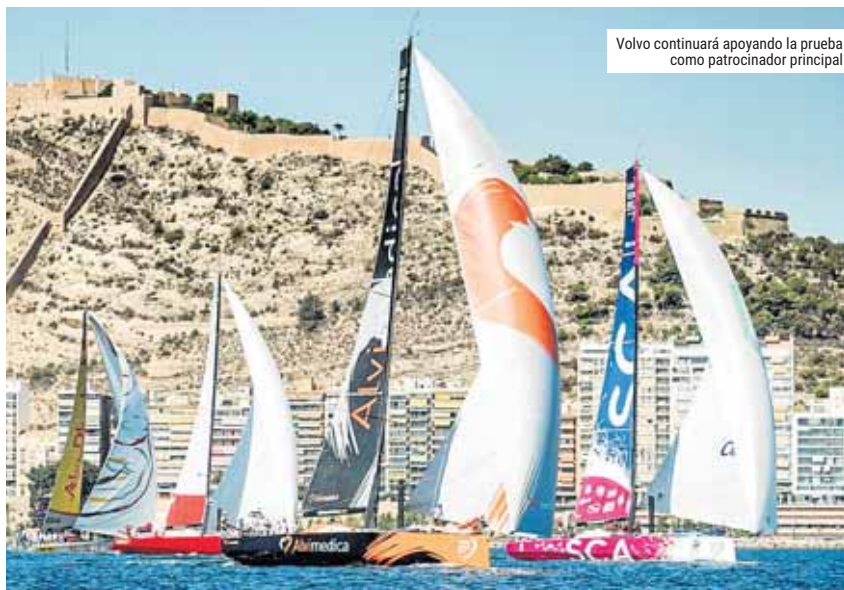
Volvo continuará apoyando la prueba como patrocinador principal
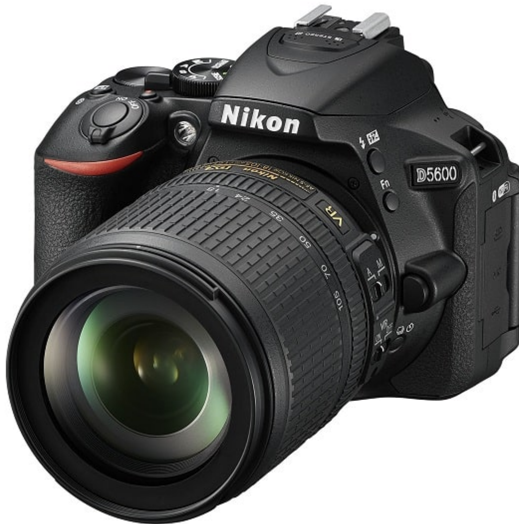
reflex Nikon D5600
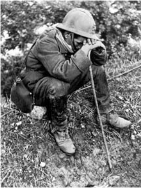
Soldat français accablé par la défaite de 40

La France est abasourdie par sa défaite de mai-juin 1940. Elle est alors livrée aux exigences du vainqueur : ses soldats sont retenus prisonniers en Allemagne ; elle est morcelée, occupée en partie puis — à partir de novembre 1942 — en totalité. Soumise à l'ordre nazi, elle subit les contrôles policiers, les arrestations, les déportations. Livrée au pillage économique, elle connaît les privations et restrictions, le marché noir s'installe.
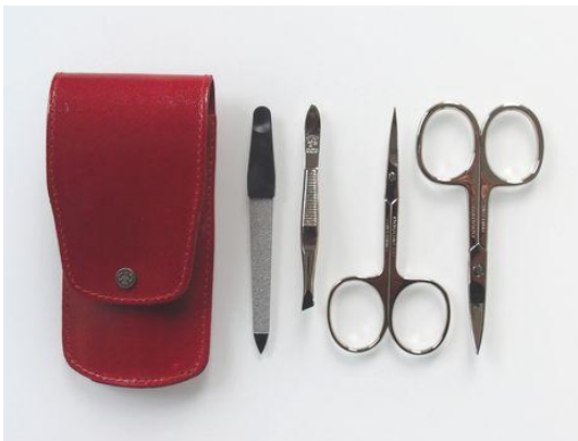
2018-031 レディース 4pcs セット ¥12,600
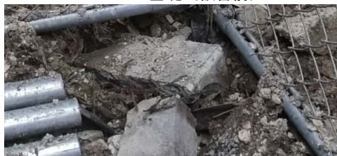
フェンス基礎（破損）
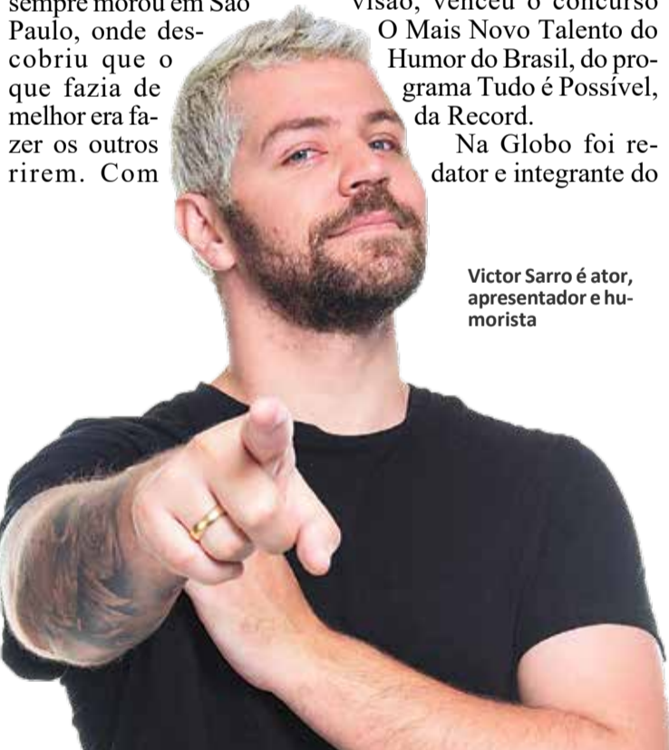
Victor Sarro é ator, apresentador e humorista

Os interessados podem encontrar os ingressos no site da Sympla, a partir de R$40. A classificação é 16 anos.

## [What this task involves]
The records above are to be repeated word for word, with the pictures omitted.

## [Written answer]
Volvo continuará apoyando la prueba como patrocinador principal
reflex Nikon D5600
Soldat français accablé par la défaite de 40

La France est abasourdie par sa défaite de mai-juin 1940. Elle est alors livrée aux exigences du vainqueur : ses soldats sont retenus prisonniers en Allemagne ; elle est morcelée, occupée en partie puis — à partir de novembre 1942 — en totalité. Soumise à l'ordre nazi, elle subit les contrôles policiers, les arrestations, les déportations. Livrée au pillage économique, elle connaît les privations et restrictions, le marché noir s'installe.
2018-031 レディース 4pcs セット ¥12,600
フェンス基礎（破損）
Victor Sarro é ator, apresentador e humorista

Os interessados podem encontrar os ingressos no site da Sympla, a partir de R$40. A classificação é 16 anos.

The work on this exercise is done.